**** Information provided
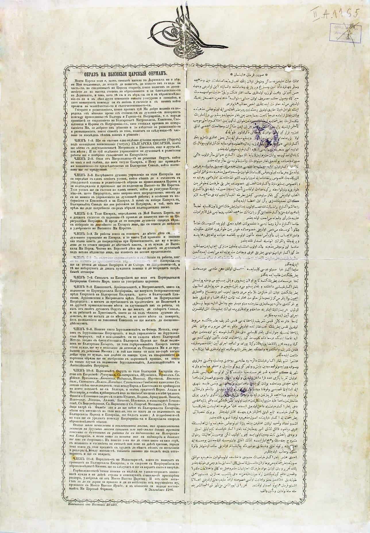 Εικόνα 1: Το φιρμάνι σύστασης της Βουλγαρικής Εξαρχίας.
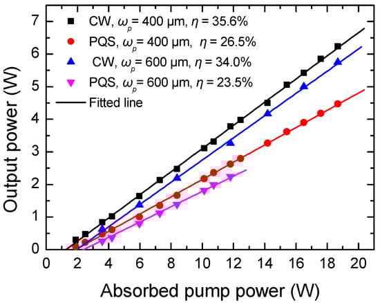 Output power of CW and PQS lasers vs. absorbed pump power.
********
**** Information provided
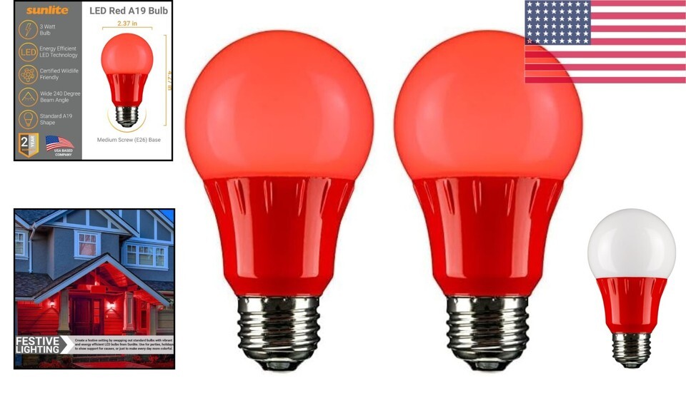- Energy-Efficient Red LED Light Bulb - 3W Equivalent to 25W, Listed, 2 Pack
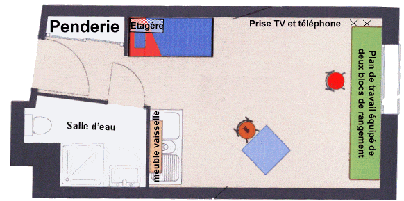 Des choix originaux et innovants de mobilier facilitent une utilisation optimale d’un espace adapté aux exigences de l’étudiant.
********
=== Problem details ===
Exactly as written above, retype the lines starting at the one holding "Εικόνα 1: Το" and ending at the one holding "Output power of", both included, but not the pictures.

=== Answer ===
 Εικόνα 1: Το φιρμάνι σύστασης της Βουλγαρικής Εξαρχίας.
 Output power of CW and PQS lasers vs. absorbed pump power.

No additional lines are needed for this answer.